The hypothesis is that the observed activity may indicate an adversary attempting to exfiltrate data or establish a foothold through a suspicious HTTP connection to a known malicious domain. SOC teams should proactively hunt for this behavior in Azure Sentinel to identify potential early-stage compromises and prevent further lateral movement or data theft.
YARA Rule
rule LoggerModule
{
meta:
author = "Cylance"
date = "2014-12-02"
description = "http://cylance.com/opcleaver"
strings:
$s1 = "%s-%02d%02d%02d%02d%02d.r"
$s2 = "C:\\Users\\%s\\AppData\\Cookies\\"
condition:
all of them
}This YARA rule can be deployed in the following contexts:
This rule contains 2 string patterns in its detection logic.
Scenario: A system administrator is using Cylance Protect to scan a system for malware.
Filter/Exclusion: Exclude processes where the parent process is cylance.exe or cylanceprotect.exe.
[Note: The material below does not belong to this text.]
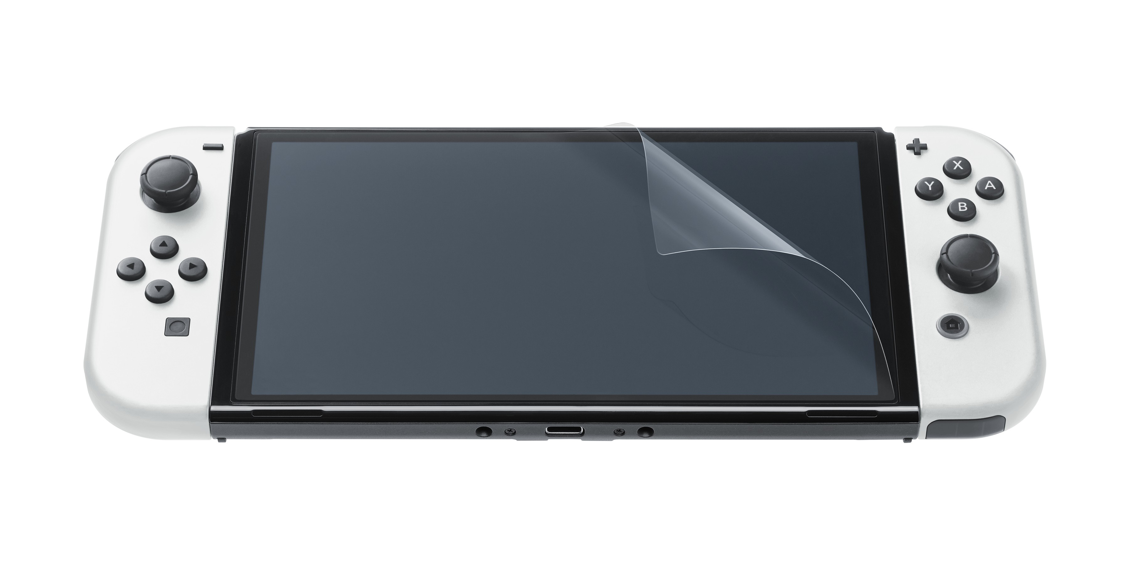Un bundle che contiene una custodia compatibile sia con Nintendo Switch sia con Nintendo Switch – Modello OLED e pellicole protettive per gli schermi di entrambe le console. Include anche un compartimento dove riporre fino a 5 schede di gioco e due laccetti per Joy-Con. La custodia può anche essere usata come supporto per la console.

Scenario: A scheduled job runs PowerShell scripts to automate system maintenance tasks.
Filter/Exclusion: Exclude processes with the command line containing powershell.exe -Command and a known maintenance script path.
Scenario: A Windows Task Scheduler job is configured to run a legitimate SQL Server Agent job that connects to a database.
Filter/Exclusion: Exclude processes where the command line includes sqlcmd or sqlagent.exe.
Scenario: A Windows Update installation is in progress, and the update process is executing a temporary script.
Filter/Exclusion: Exclude processes with the command line containing wusa.exe or WindowsUpdate.exe.
Scenario: A Docker container is running a legitimate application, and the container process is interacting with the host system.
Filter/Exclusion: Exclude processes where the command line includes docker or the process is running inside a container (container_id is known).